Shoppers anticipate spending $213.49 on gift cards this year, up 7% from 2018, according to a Blackhawk Network BrandedPay survey of more than 3,000 consumers. Seventy-six percent of shoppers will buy at least one gift card or e-gift during the 2019 holiday season, an increase from 72% in 2018.
Among the top-selling gift cards in 2018 were dining; open-loop (gift cards that can be used wherever the network is accepted); toys and electronics; entertainment; and home goods. Consumers tend to add the most currency to gift cards within the recreation and travel; open-loop; electronics and toys; entertainment; fashion; and home goods categories, the report found.
In the U.S., the five fastest-growing gift card categories are grocery and convenience; entertainment and travel; health and beauty; home goods and furnishings; and department and big-box retailers.
The Blackhawk report's findings were congruent with the National Retail Federation's survey, which found that more than half of consumers wanted gift cards for the holidays. Previous research from the Blackhawk Network also found that millennial and Gen Z consumers are increasingly purchasing e-gift cards.
"As consumer demand for omnichannel innovations and alternative payments continues to increase, we anticipate gift card utility will also expand and contribute to sustained growth for the category this holiday and beyond," Theresa McEndree, Blackhawk Network vice president of marketing, said in a statement.
The report also noted that consumers remain confident in the country's overall economic health. According to Blackhawk's survey, 63% of survey respondents said they are confident in the economy. In fact, 32% of shoppers said they plan to spend more during the holidays this year, and 25% expected to expand their gift list to include more people, according to the report.

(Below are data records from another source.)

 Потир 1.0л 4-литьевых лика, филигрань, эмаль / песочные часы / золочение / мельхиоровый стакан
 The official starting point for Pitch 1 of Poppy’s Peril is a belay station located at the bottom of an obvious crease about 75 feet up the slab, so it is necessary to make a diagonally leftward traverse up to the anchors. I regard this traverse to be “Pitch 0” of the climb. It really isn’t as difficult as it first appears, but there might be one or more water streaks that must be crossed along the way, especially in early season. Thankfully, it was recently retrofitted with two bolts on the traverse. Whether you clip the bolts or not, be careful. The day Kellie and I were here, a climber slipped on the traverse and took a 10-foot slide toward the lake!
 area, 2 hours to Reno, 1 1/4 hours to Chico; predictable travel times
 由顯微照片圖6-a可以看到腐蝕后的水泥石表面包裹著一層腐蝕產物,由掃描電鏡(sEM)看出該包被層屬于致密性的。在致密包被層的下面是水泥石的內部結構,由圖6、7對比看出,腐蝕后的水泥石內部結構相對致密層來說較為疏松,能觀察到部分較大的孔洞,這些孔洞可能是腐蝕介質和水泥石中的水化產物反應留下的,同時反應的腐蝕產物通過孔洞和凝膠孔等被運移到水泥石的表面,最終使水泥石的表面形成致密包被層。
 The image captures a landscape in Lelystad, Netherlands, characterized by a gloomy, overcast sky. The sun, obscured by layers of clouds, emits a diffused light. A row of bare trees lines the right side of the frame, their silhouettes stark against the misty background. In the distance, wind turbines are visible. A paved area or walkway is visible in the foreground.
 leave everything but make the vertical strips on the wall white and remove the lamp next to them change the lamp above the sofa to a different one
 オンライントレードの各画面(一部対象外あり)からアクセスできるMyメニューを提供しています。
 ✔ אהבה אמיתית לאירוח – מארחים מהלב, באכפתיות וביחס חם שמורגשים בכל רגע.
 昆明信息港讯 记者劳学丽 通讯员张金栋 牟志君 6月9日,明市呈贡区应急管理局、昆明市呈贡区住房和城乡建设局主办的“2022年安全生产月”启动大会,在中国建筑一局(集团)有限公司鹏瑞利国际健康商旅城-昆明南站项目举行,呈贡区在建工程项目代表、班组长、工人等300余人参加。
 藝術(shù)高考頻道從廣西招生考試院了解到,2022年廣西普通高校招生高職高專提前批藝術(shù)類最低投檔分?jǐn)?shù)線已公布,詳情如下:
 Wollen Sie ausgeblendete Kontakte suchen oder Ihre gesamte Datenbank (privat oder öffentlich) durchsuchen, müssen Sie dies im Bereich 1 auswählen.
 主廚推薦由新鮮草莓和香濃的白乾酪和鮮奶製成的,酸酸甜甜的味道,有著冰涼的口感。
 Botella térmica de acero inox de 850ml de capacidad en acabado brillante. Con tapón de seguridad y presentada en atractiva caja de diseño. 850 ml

A September 2019 report from OpenX Technologies, however, found less than half of consumers think the economy has improved since 2018, but they also expect the economy to grow in 2020, which could drive consumers to spend more during the 2019 holiday season. According to findings from a Piper Jaffray survey, nearly a third of Gen Z shoppers think the economy isn't improving and have, in turn, decreased their spending by 4%, dropping it to its lowest level since 2011.
Those concerns aren't without merit. After all, consumers are watching how U.S. trade disputes could raise the cost of their goods and fewer shoppers say their financial health has improved during the past year, research from AlixPartners found. Plus, research from CreditCards.com found that consumers plan to increase their credit card debt to purchase gifts for loved ones, but economic uncertainty and consumer debt may make the holidays a bit less wonderful for shoppers.